TASK DATA:
-- Opening Marker --
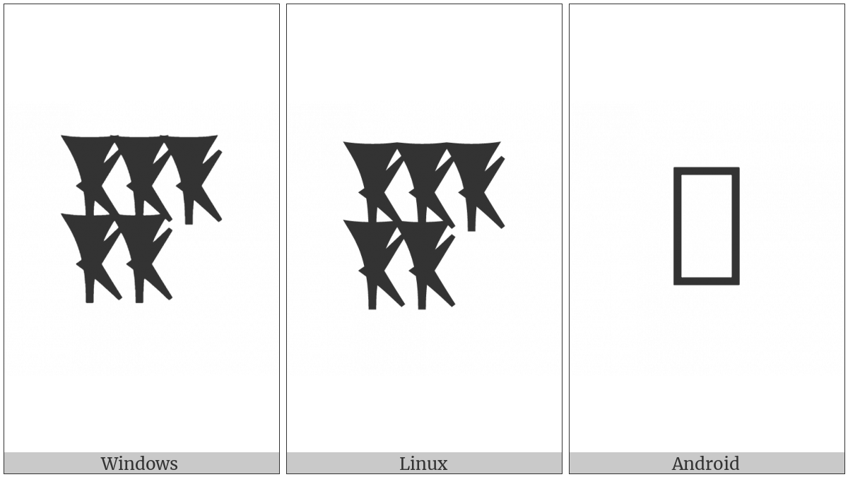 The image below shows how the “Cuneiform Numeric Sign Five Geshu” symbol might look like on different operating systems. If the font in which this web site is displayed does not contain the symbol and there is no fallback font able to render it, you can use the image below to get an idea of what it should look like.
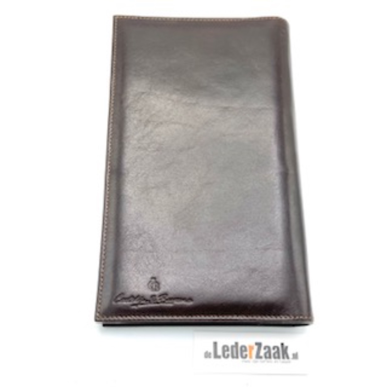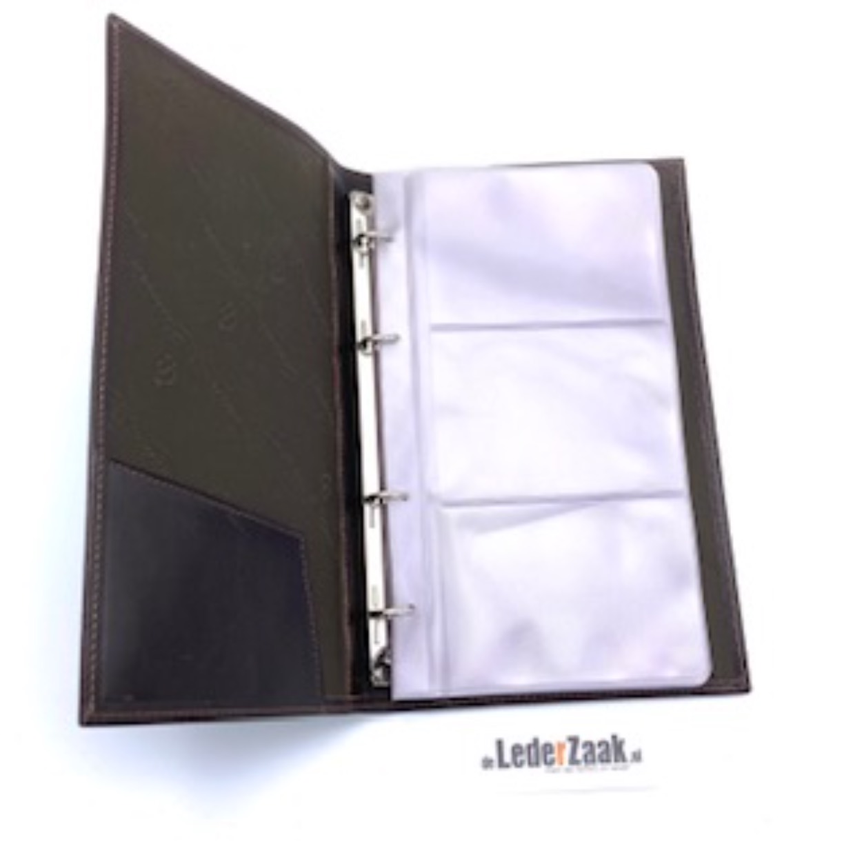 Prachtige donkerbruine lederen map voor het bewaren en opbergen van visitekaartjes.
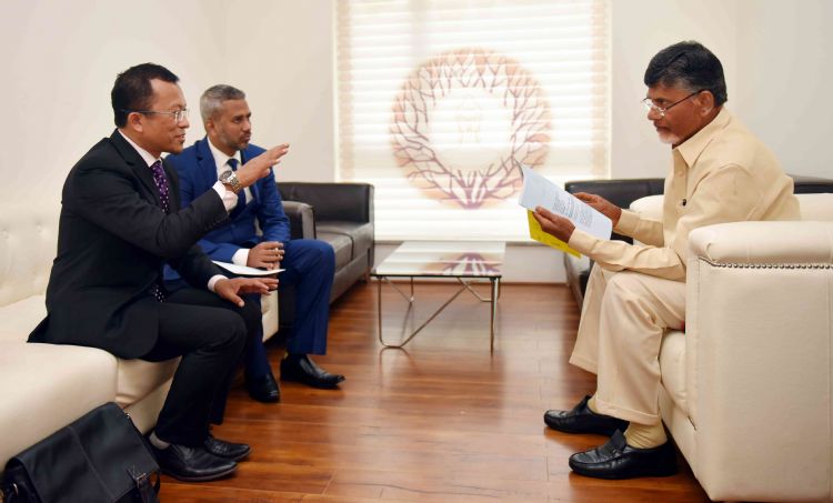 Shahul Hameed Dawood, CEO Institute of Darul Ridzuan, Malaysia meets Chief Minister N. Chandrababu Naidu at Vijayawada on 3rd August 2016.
-- Closing Marker --
-- Opening Marker --
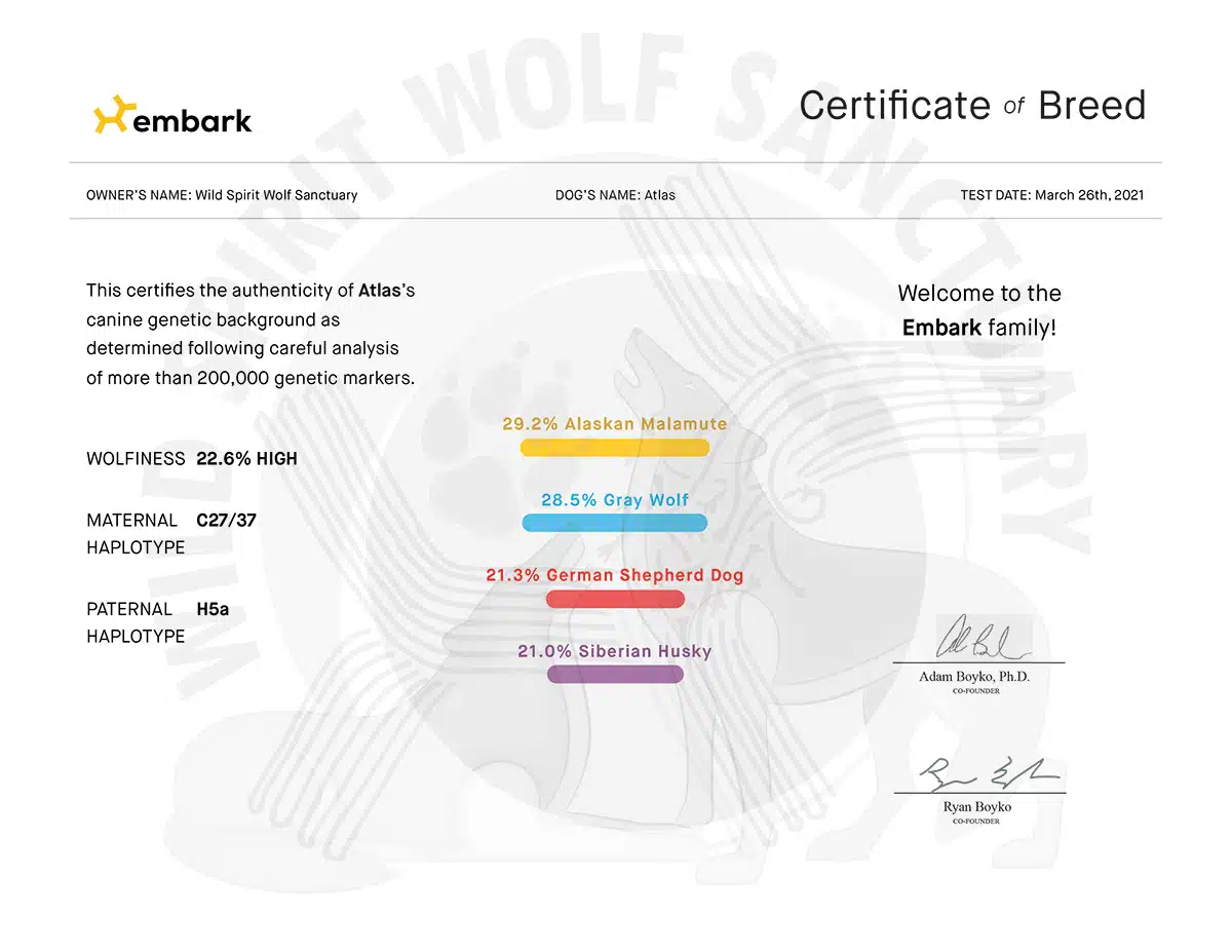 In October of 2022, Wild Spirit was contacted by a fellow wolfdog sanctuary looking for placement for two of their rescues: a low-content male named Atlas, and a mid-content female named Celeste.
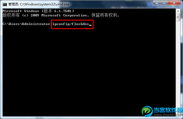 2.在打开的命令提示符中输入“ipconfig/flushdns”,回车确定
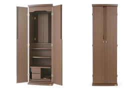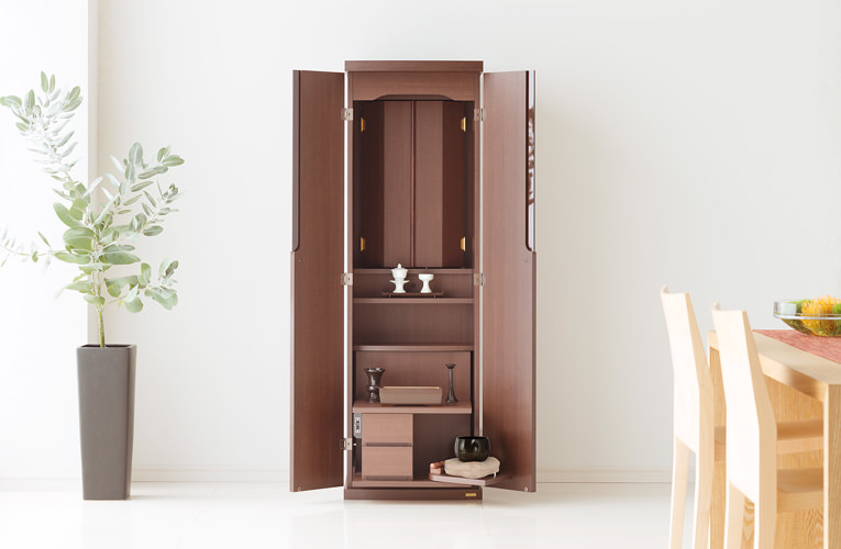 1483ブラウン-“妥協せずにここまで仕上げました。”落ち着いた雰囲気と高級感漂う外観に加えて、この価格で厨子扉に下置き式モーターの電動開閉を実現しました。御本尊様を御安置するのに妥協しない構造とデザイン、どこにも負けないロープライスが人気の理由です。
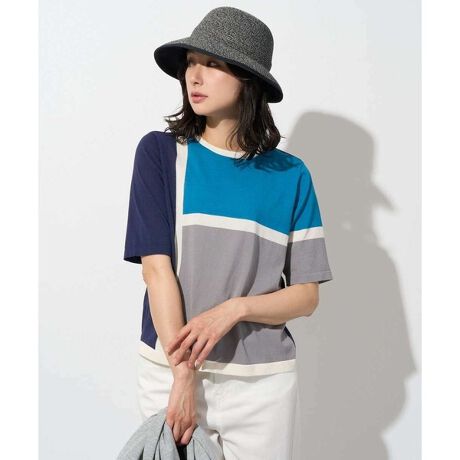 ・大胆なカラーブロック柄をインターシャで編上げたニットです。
-- Closing Marker --
EXERCISE: From the data above, retype only the lines starting with the line with "The image below shows" and going on through the line with "Shahul Hameed Dawood, CEO", exactly, leaving out the pictures.

ANSWER TO THIS EXERCISE:
 The image below shows how the “Cuneiform Numeric Sign Five Geshu” symbol might look like on different operating systems. If the font in which this web site is displayed does not contain the symbol and there is no fallback font able to render it, you can use the image below to get an idea of what it should look like.
 Prachtige donkerbruine lederen map voor het bewaren en opbergen van visitekaartjes.
 Shahul Hameed Dawood, CEO Institute of Darul Ridzuan, Malaysia meets Chief Minister N. Chandrababu Naidu at Vijayawada on 3rd August 2016.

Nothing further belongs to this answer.